__Instructions to follow__. Task for the records below: copy exactly, and only, the line containing "Násadka na šípky" and every line after it to the end, with pictures left out.

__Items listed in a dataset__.
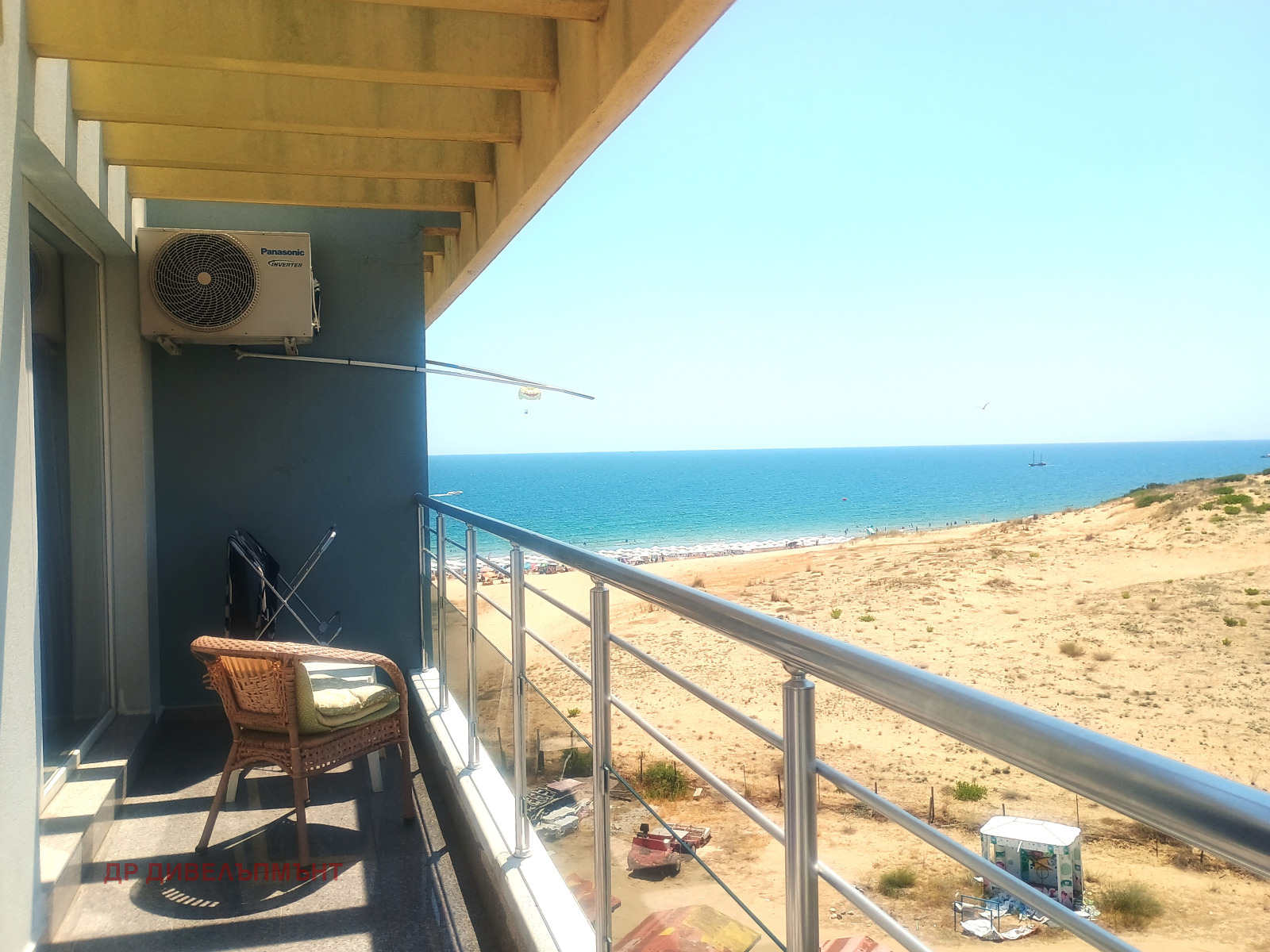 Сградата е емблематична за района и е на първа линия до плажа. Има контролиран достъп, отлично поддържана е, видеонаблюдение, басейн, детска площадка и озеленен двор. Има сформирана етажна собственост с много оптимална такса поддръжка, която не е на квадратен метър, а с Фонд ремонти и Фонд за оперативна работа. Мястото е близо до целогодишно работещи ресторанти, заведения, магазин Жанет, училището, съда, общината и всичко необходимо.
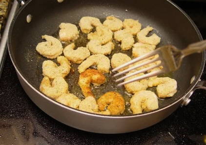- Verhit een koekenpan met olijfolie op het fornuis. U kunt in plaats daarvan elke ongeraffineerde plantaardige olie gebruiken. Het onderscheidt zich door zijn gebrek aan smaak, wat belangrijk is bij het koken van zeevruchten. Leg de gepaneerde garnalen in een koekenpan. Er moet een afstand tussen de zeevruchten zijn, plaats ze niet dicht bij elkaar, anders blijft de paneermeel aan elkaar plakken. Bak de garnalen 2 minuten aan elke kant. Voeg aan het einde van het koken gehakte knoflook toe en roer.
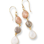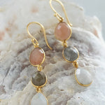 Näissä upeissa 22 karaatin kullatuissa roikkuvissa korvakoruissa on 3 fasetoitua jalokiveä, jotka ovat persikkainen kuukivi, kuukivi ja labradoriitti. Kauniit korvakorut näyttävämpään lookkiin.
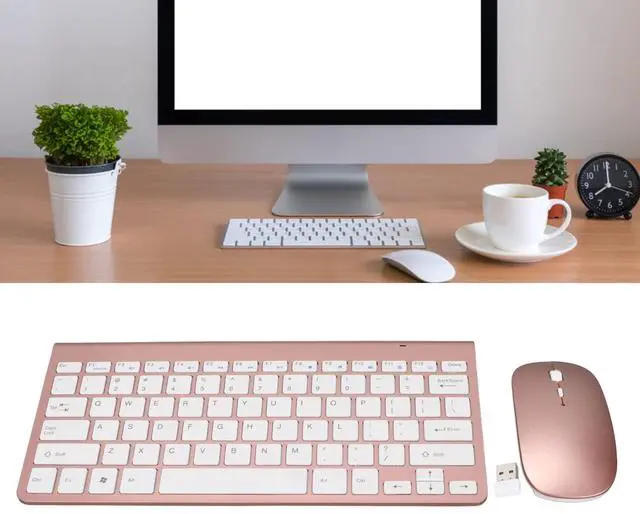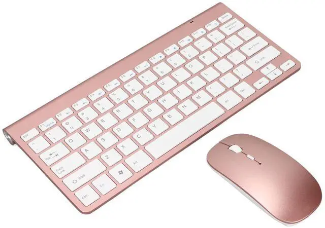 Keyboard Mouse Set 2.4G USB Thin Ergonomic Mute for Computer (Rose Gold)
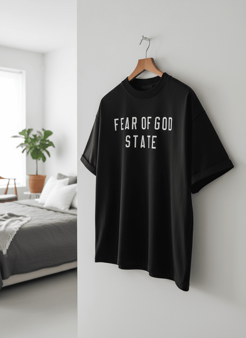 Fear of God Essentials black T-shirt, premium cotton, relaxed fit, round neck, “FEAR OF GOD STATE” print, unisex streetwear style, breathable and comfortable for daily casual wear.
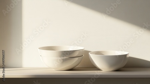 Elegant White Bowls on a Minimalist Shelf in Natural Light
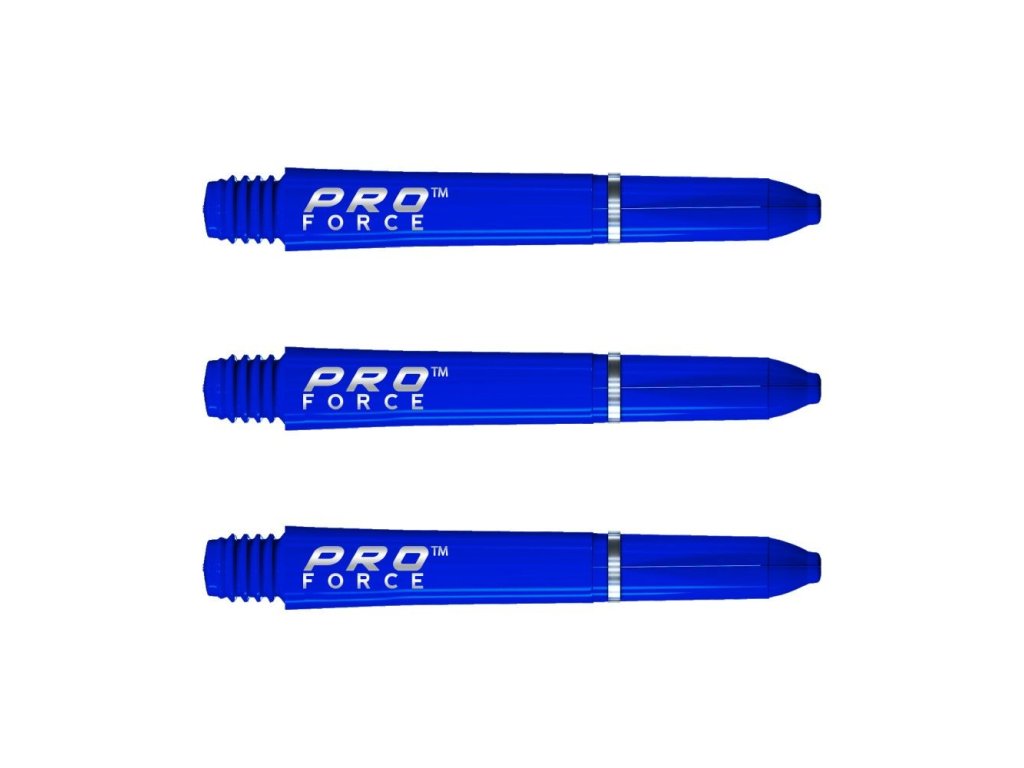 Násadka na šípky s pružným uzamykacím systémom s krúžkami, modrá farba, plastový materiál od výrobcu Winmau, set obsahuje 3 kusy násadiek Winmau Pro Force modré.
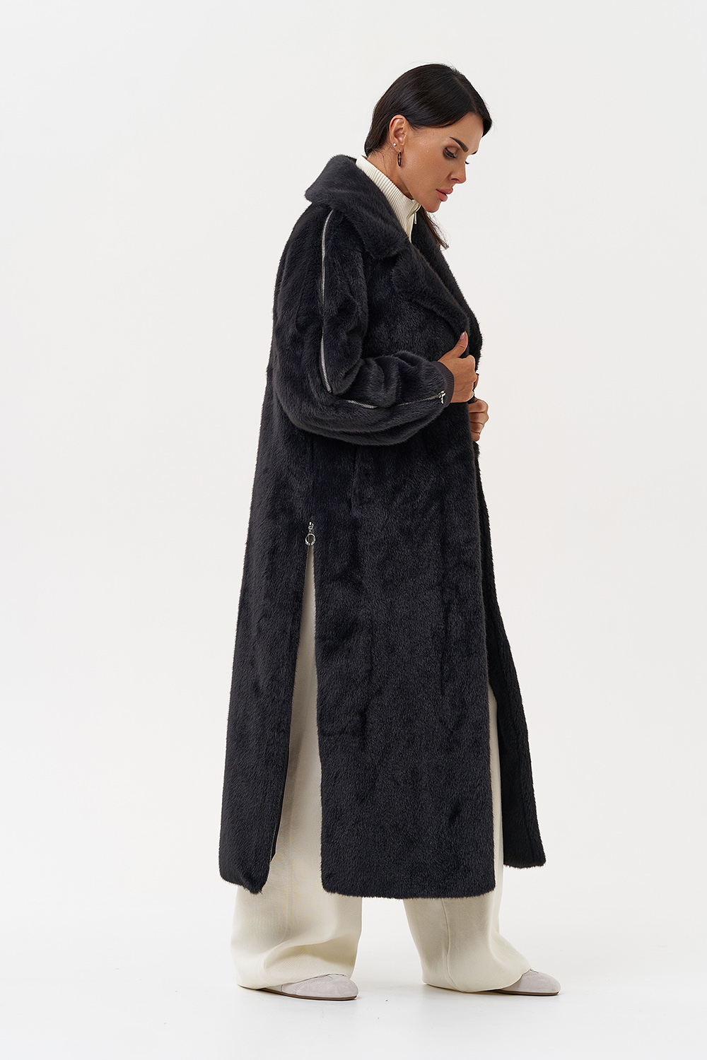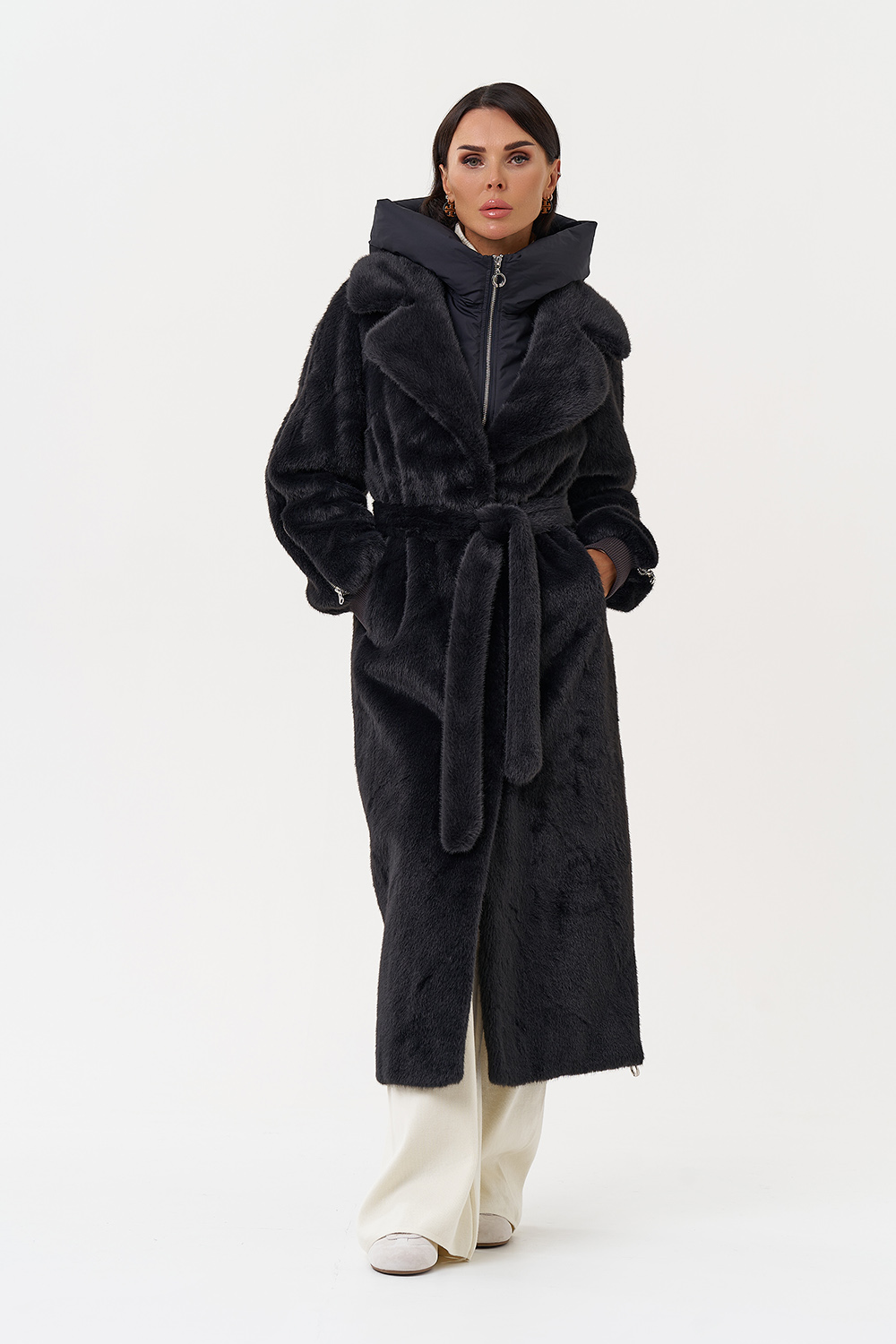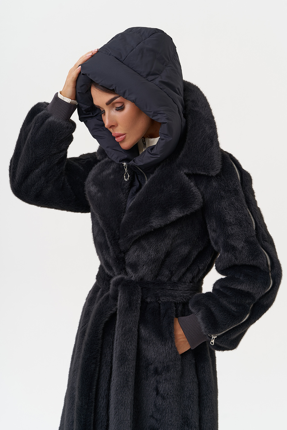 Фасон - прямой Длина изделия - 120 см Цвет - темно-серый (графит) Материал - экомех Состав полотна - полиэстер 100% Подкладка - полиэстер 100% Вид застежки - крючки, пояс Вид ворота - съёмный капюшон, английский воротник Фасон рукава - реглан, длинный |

__Answer__.
 Násadka na šípky s pružným uzamykacím systémom s krúžkami, modrá farba, plastový materiál od výrobcu Winmau, set obsahuje 3 kusy násadiek Winmau Pro Force modré.
 Фасон - прямой Длина изделия - 120 см Цвет - темно-серый (графит) Материал - экомех Состав полотна - полиэстер 100% Подкладка - полиэстер 100% Вид застежки - крючки, пояс Вид ворота - съёмный капюшон, английский воротник Фасон рукава - реглан, длинный |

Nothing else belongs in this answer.